Discover the delicious blend of flavor and nutrition with this Jalapeno Popper Keto Chicken Salad. Perfect for meal prep or a quick lunch, this low-carb dish combines cooked chicken, creamy mayonnaise, and spicy jalapeños for a satisfying taste experience. Packed with protein and healthy fats, it supports your keto lifestyle while keeping you energized. Explore various serving options, from lettuce wraps to stuffed peppers, and customize it to your liking. Enjoy a tasty, guilt-free meal that elevates your low-carb repertoire!

Ingredients
  

2 cups cooked chicken, shredded (or diced rotisserie chicken)

1/2 cup cream cheese, softened

1/2 cup mayonnaise (preferably avocado oil-based for keto)

1 cup shredded cheddar cheese

1/4 cup jalapeños, diced (fresh or pickled, depending on your spice preference)

1/4 cup green onions, sliced

1 tsp garlic powder

1/2 tsp onion powder

Salt and pepper to taste

1 tbsp olive oil (optional, for added richness)

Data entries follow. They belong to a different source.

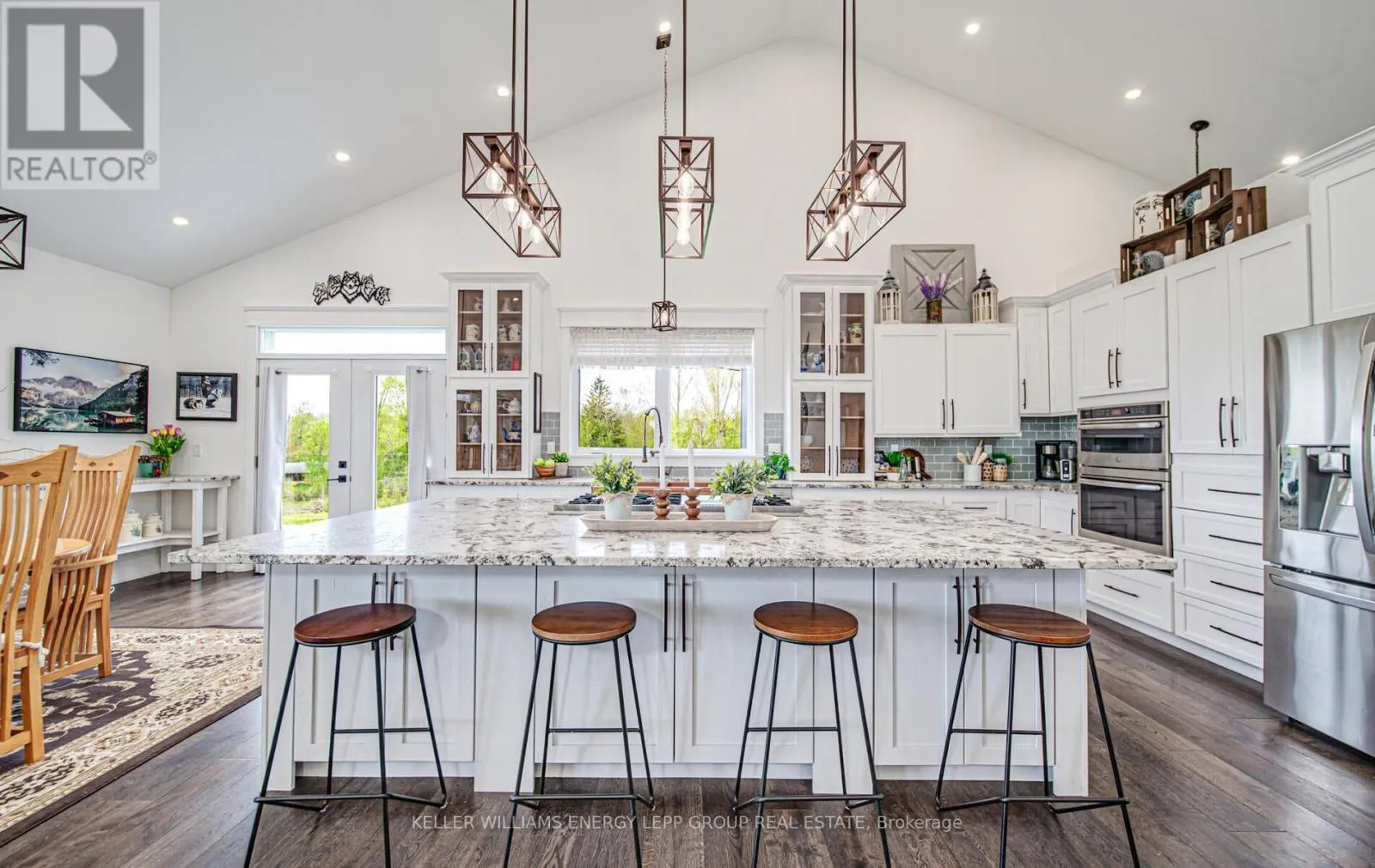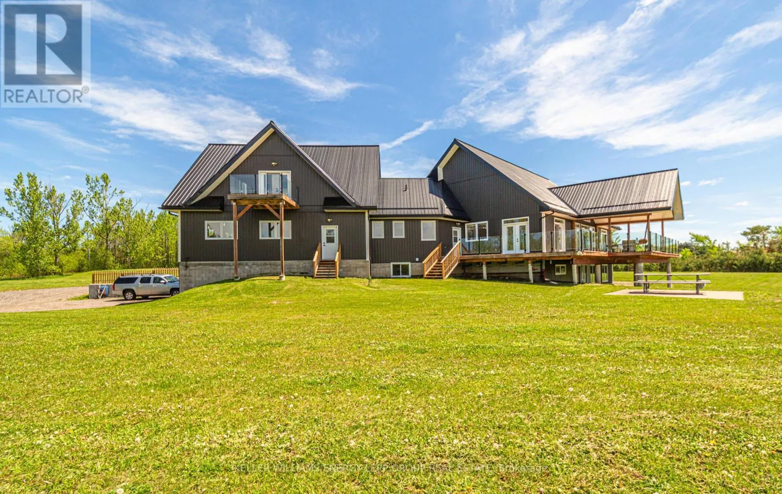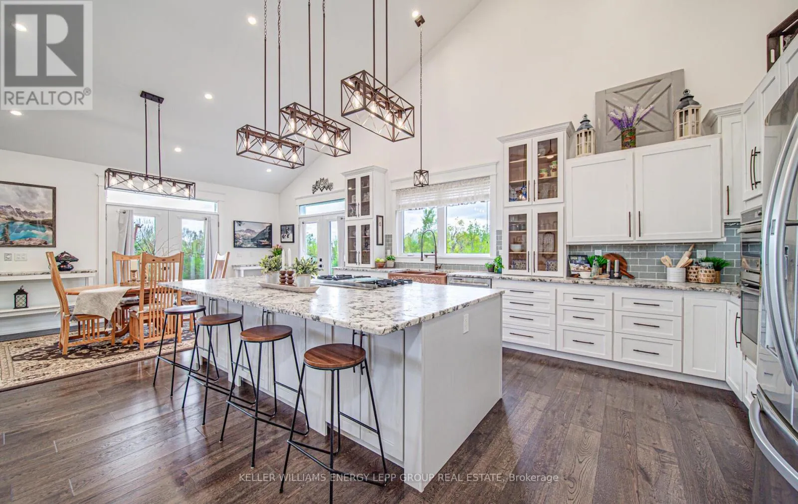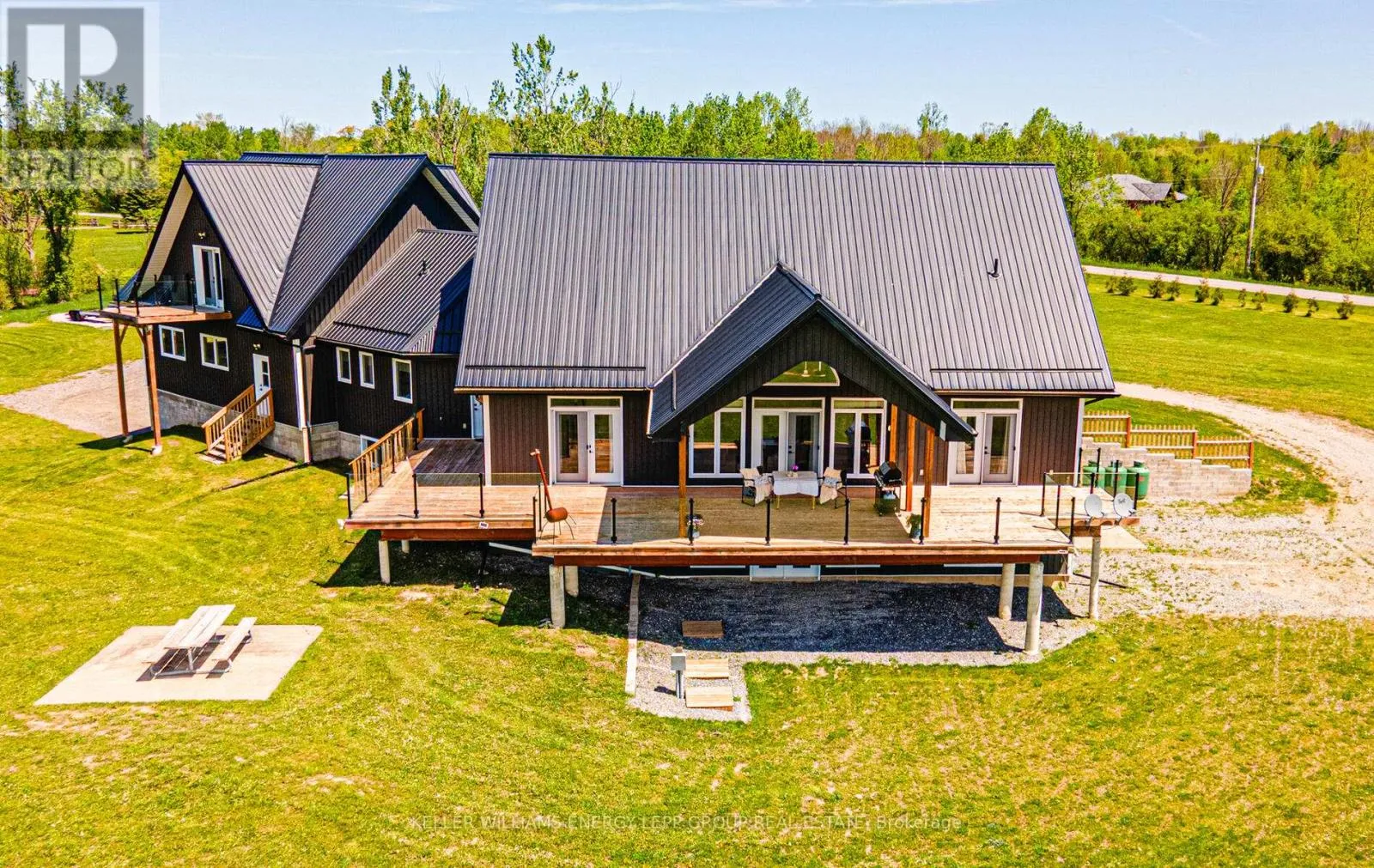 Ogemah Rd / Rainbow Ridge Rd This beautiful 3-bedroom, 3-bathroom custom-built home is set on a private 7.4-acre lot and offers exceptional space and craftsmanship throughout. Featuring 9-ft ceilings and 8-ft glass doors, the home is finished with 8-inch engineered hardwood flooring. The spacious living room boasts 16-ft cathedral ceilings, pot lights, ceiling fans, and 7-ft windows that flood the space with natural light and provide a seamless walkout to an approx. 800 sq ft deck with custom aluminum frameless glass railing perfect for alfresco dining and entertaining. Enjoy five walkouts to the main deck, ideal for seamless indoor-outdoor living. The gourmet kitchen is a showstopper, featuring maple cabinetry with solid oak doors, a distressed leather granite countertop, and a massive 5x10 center island. The primary bedroom includes a walk-in closet, walkout to the deck, and an opulent 5-piece ensuite. The 2,525 sq. ft. basement offers three additional walkouts and endless potential. Additional highlights include upper and lower garages, perfect for vehicles, tools, or extra storage. Located just 10-15 minutes from shops, a bakery, pharmacy, and restaurants, with easy access to parks, a library, medical services, and only a 5-minute walk to year-round recreation on Lake Scugog, including a nearby boat launch for convenient lake access. (id:27476)
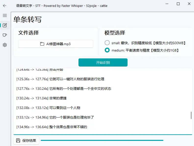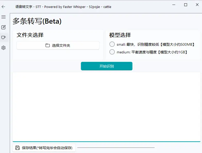 - 这款工具就是利用这个模型打造的外壳,支持一键将录音转换为文字。
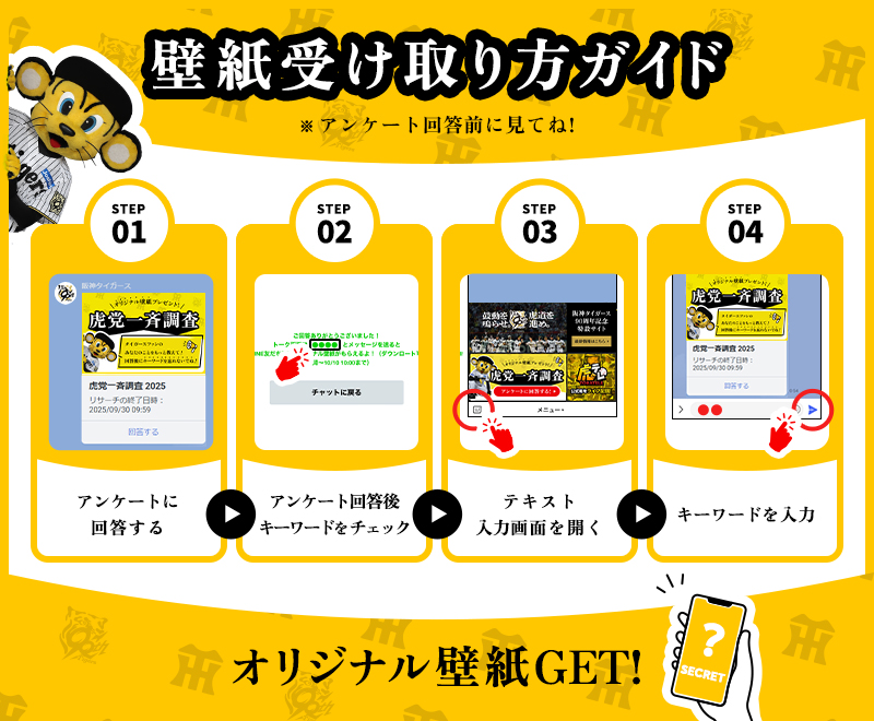 - 【公式LINE】「虎党一斉調査(アンケート)」実施中!「LINE限定 選手お守り風壁紙」プレゼント!!

1/4 cup bacon bits (optional, for added crunch)

Instructions
 

Prep the Chicken: If you haven’t already, cook the chicken by boiling or roasting until fully cooked. Allow it to cool slightly before shredding or dicing.

    Mix the Base: In a large mixing bowl, combine the softened cream cheese and mayonnaise. Stir until well blended and smooth.

      Add Flavor: Add the garlic powder, onion powder, salt, and pepper to the cream cheese mixture. Mix thoroughly until the spices are evenly distributed.

        Combine Ingredients: To the bowl, add the cooked chicken, shredded cheddar cheese, diced jalapeños, green onions, and bacon bits (if using). Stir until all ingredients are well coated with the creamy base.

          Chill It: Cover the bowl tightly with plastic wrap or a lid and refrigerate the chicken salad for at least 30 minutes to allow the flavors to meld.

            Serve: Once chilled, give the salad a good stir before serving. Garnish with additional green onions or sliced jalapeños if desired. This salad can be served on its own, in lettuce wraps, or as a filling for avocado halves.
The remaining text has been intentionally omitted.